What distinguishes religion from a philosophy is that it not only creates intellectual acceptance of the need for high moral principles, but also instills the will needed to put these principles into action by tapping into the roots of human motivation. 

This symposium is being organized by the Office of Public Affairs, of the National Spiritual Assembly of the Baha’is of India as an attempt to invite dialogue among thinkers willing to explore the positive role that religion can and must play in India in building an inclusive society.
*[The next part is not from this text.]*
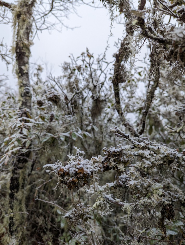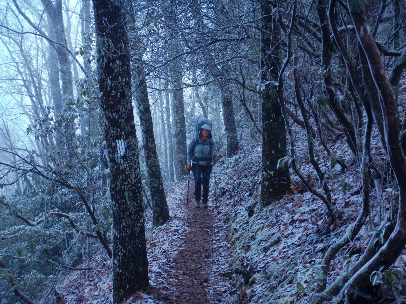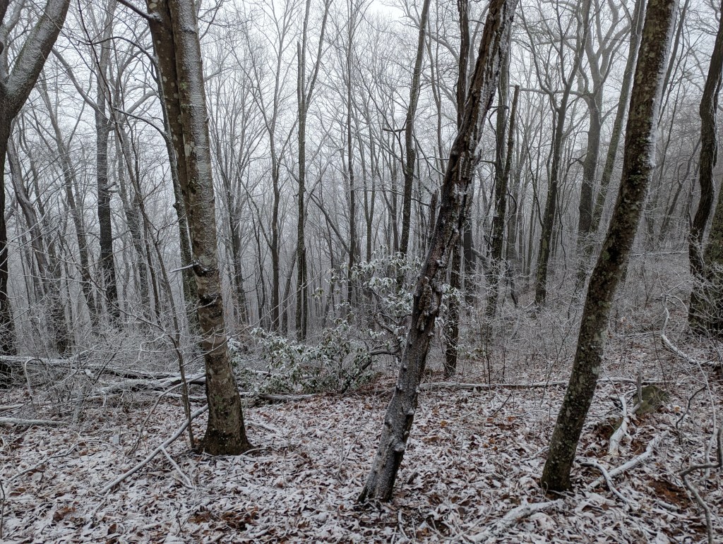 We knew we were lucky with the warm weather when we started our hike. Even in Georgia, 70s in February was very unusual. And now the cold has finally struck! The nights have been getting progressively colder for the last week, getting down below freezing a couple of nights. We have found that as long as we are dry, we stay cozy enough in the tent when the temps are at or above freezing. But anything much lower than that and our gear just cannot handle it! We got our first taste of snow the other day when we hiked into Fontana Dam, North Carolina. We tend to check the weather obsessively and it has been reliable for the most part, but that day it completely steered us wrong. Weather reports called for sunny skies and we walked through clouds and blizzardy conditions the whole day! It was a tough 15 miles.

Given below are a few of the many questions that such a dialogue would need to explore: 

  • How can religious communities develop a united vision of the kind of inclusive society they want to create, a vision that is grounded in each of their religious texts and yet not exclusive to any one of them?
  • How can the spiritual and moral teachings which are common to all Faiths be drawn upon to counter divisive agendas that seek to make religion a source of hatred? Similarly, how can true religion which is based on reason be differentiated from superstition, empty rituals and blind imitation? What role can the State, the civil society and religious leadership play in promoting this process? What role do education systems and the media have in this?
  • How can populations be empowered to take charge of their own religious heritage such that they become active protagonists in applying spiritual principles for the betterment of the world rather than being objects of manipulation by the clergy or various political organizations? How can religious communities become communities that systematically and thoughtfully learn to apply these spiritual teachings to the needs of the modern age in a way that is inclusive and not rigid? What kind of concrete actions can religious communities engage in to give expression to, and to strengthen a sense of commitment to the common good?
  • How can the universal love and brotherhood fostered by religion be channelized to create the willingness in oppressed populations or groups to forgive past wrongs, to give up the lust for revenge, to abandon bitterness and resentment or a sense of victimhood and to be willing to make a fresh start in building a peaceful and harmonious society?